Maximize Distinct Purchases Within Budget Constraints
Company: TikTok
Role: Data Scientist
Category: Coding & Algorithms
Difficulty: Medium
Interview Round: Take-home Project
##### Scenario
Given a customer budget and a list of product prices, determine the maximum number of distinct products the customer can afford.
##### Question
Design an algorithm that lists the products a customer can purchase within their budget while maximizing the count of items bought.
##### Hints
Sort prices ascending, add items greedily until the running total would exceed the budget.
Quick Answer: This question evaluates understanding of selection and optimization under budget constraints, algorithmic efficiency, and the ability to implement correct logic for maximizing the number of distinct items purchased.
Given a non-negative integer budget and an array prices where prices[i] is the price of the i-th product, choose a subset of product indices such that the total cost does not exceed budget and the number of chosen products is maximized. If multiple subsets achieve the same maximum count, prefer the one with the smallest total cost; if still tied, return the lexicographically smallest list of indices. Each index represents a distinct product even if prices repeat. Return the chosen indices in increasing order.
Constraints
- 0 <= n <= 200000 where n = len(prices)
- 0 <= prices[i] <= 10^9
- 0 <= budget <= 10^14
- Indices are 0-based
- Return indices in increasing order
Solution
from typing import List
def maximize_purchases(prices: List[int], budget: int) -> List[int]:
indexed = [(p, i) for i, p in enumerate(prices)]

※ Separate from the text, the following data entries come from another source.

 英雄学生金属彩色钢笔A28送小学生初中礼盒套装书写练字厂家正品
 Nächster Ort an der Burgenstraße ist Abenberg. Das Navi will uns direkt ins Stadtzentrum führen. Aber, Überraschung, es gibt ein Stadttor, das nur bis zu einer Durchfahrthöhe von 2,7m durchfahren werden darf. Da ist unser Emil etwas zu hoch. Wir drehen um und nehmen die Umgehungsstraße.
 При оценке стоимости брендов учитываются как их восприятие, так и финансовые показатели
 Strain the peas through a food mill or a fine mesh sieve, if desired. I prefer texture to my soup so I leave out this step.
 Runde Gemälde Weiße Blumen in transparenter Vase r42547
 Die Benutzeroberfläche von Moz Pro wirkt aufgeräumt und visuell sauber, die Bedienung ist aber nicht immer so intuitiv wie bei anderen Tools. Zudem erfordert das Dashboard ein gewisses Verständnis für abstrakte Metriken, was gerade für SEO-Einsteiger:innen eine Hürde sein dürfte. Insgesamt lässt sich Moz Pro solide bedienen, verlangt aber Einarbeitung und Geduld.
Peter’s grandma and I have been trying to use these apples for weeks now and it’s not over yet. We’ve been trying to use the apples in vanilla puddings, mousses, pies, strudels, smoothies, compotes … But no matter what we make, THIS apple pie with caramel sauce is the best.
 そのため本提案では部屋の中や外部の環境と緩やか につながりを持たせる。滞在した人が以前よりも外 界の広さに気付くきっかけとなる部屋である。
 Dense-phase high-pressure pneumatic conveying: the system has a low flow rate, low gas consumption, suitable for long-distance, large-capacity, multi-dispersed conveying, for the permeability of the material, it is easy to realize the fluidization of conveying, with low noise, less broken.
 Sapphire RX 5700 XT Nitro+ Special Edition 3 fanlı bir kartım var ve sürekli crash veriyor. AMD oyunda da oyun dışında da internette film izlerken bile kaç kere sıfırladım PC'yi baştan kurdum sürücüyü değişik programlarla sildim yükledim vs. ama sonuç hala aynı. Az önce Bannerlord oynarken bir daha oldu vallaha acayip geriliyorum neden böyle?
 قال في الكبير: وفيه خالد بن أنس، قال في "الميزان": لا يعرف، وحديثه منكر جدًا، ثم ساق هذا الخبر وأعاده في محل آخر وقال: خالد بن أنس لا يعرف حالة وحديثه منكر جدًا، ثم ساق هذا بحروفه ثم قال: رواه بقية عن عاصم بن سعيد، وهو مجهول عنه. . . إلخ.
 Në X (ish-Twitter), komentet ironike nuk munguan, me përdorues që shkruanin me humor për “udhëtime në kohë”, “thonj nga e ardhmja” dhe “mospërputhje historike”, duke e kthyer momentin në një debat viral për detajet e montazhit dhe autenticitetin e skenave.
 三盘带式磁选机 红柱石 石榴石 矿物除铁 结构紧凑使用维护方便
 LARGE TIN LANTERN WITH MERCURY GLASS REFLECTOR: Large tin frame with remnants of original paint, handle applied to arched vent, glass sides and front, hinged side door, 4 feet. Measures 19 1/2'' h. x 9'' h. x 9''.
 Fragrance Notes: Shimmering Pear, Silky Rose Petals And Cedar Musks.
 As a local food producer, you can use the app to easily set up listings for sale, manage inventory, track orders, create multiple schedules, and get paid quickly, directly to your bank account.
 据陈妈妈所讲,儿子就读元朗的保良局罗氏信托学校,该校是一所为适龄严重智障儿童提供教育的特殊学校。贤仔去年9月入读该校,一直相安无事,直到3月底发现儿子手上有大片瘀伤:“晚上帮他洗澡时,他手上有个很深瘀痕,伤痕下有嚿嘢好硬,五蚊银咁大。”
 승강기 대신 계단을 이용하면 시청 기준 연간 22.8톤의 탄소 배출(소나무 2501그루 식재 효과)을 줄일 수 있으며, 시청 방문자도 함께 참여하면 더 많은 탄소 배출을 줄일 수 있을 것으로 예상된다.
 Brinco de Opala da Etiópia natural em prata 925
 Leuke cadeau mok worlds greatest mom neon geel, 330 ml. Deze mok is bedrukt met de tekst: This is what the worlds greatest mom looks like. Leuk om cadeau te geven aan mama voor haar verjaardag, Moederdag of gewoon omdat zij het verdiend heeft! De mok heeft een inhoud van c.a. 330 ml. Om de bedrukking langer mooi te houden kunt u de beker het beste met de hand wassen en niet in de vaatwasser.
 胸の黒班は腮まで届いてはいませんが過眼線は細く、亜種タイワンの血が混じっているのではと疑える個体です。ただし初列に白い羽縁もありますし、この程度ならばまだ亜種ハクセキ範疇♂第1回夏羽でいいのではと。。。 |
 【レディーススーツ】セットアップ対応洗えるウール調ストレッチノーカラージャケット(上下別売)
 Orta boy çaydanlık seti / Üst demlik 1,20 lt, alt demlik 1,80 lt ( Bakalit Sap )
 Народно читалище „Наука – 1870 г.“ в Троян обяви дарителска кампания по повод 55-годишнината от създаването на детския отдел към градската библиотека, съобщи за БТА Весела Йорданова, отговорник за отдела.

# Sort by price, then by index to ensure deterministic tie-breaking
indexed.sort(key=lambda x: (x[0], x[1]))
total = 0
chosen = [] # store original indices
for price, idx in indexed:
if total + price <= budget:
total += price
chosen.append(idx)
# else skip; later items are not cheaper due to sorting
# Return indices in increasing order as required
chosen.sort()
return chosen
Explanation
Sorting items by (price, index) ensures that greedily taking items in that order yields the maximum count within budget. This also minimizes total cost for that count because the chosen set is the set of the cheapest possible items. Ties on equal prices are broken by index to ensure lexicographically smallest indices among equal-cost optimal solutions. Finally, the result is returned as indices in increasing order.
Time complexity: O(n log n). Space complexity: O(n).